Going through the material below, output exactly the lines from the one containing "Available In Red." through the one containing "从高空俯瞰在建的港珠澳大桥,犹如正在串接", and no pictures.

## Data shown
[Start of Attachment]

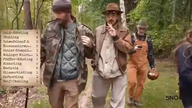 02:43:11Die Gruppe erreicht eine feuchte Lichtung mit Moos, die als Paradies für Pilze beschrieben wird. Hier werden in großer Menge kleine und junge Pilze wie der orangefarbene Hestelnabelling gefunden. Gleichzeitig wird vor der großen Menge potenziell giftiger Pilze wie der Risspilze und Cortinarien gewarnt, die einen intensiven, als spermatisch oder käseartig beschriebenen Geruch verströmen.
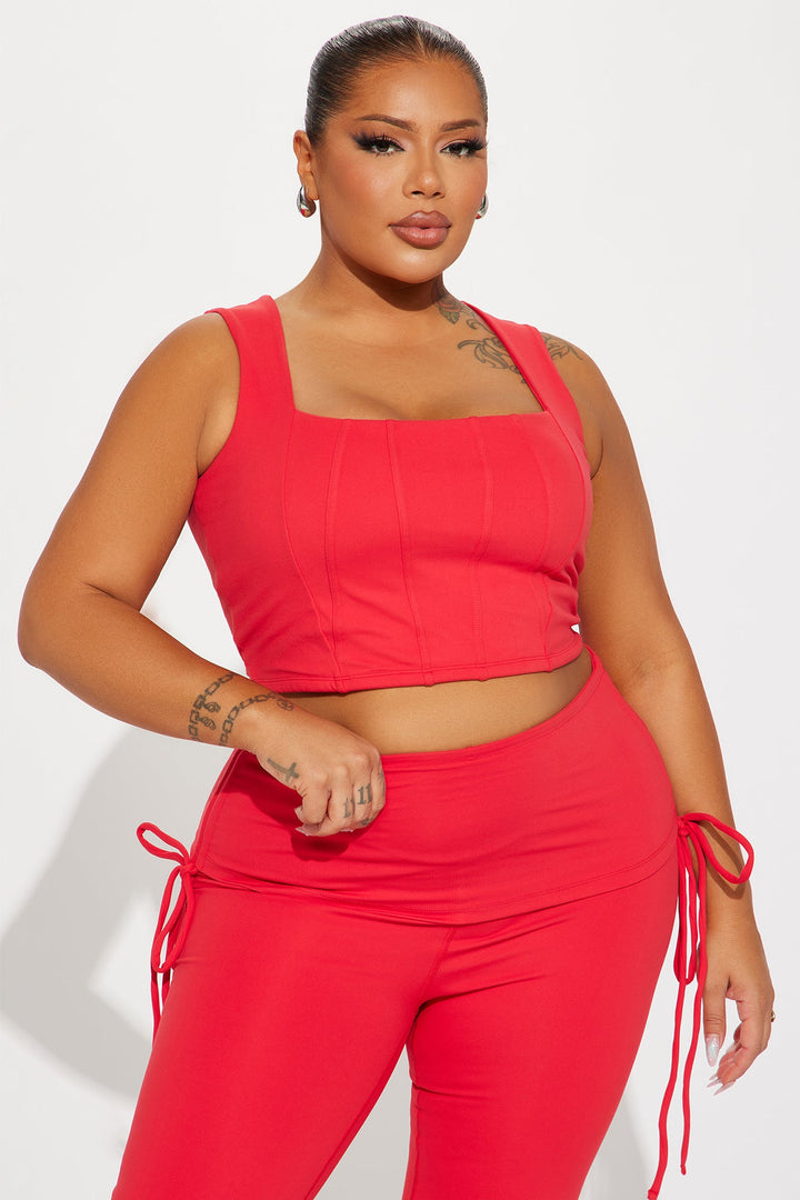 Available In Red. | Active Top | Super Soft | Sleeveless | Square Neck | Corset Detail | Padded | Medium Impact | Pair with "First Position Super Soft Active Pant" | Body: 77% Polyester 23% Spandex | Inner Mesh: 82% Nylon 18% Spandex | Imported
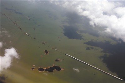 从高空俯瞰在建的港珠澳大桥,犹如正在串接的项链,大桥建成后,将进一步加强港珠澳三地的融合、交流。
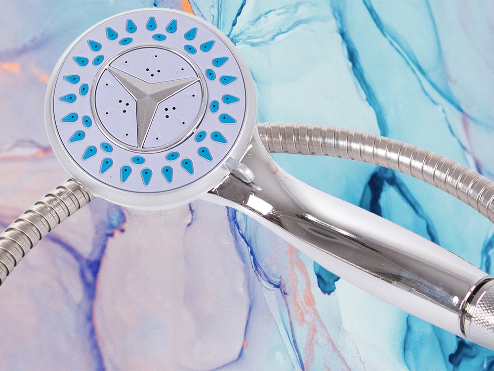 Три -функциональная насадка для душа с резиновыми вкладками и длинная змея, идеально подходит для ванны или душевой кабины.

[End of Attachment]

## Response below
 Available In Red. | Active Top | Super Soft | Sleeveless | Square Neck | Corset Detail | Padded | Medium Impact | Pair with "First Position Super Soft Active Pant" | Body: 77% Polyester 23% Spandex | Inner Mesh: 82% Nylon 18% Spandex | Imported
 从高空俯瞰在建的港珠澳大桥,犹如正在串接的项链,大桥建成后,将进一步加强港珠澳三地的融合、交流。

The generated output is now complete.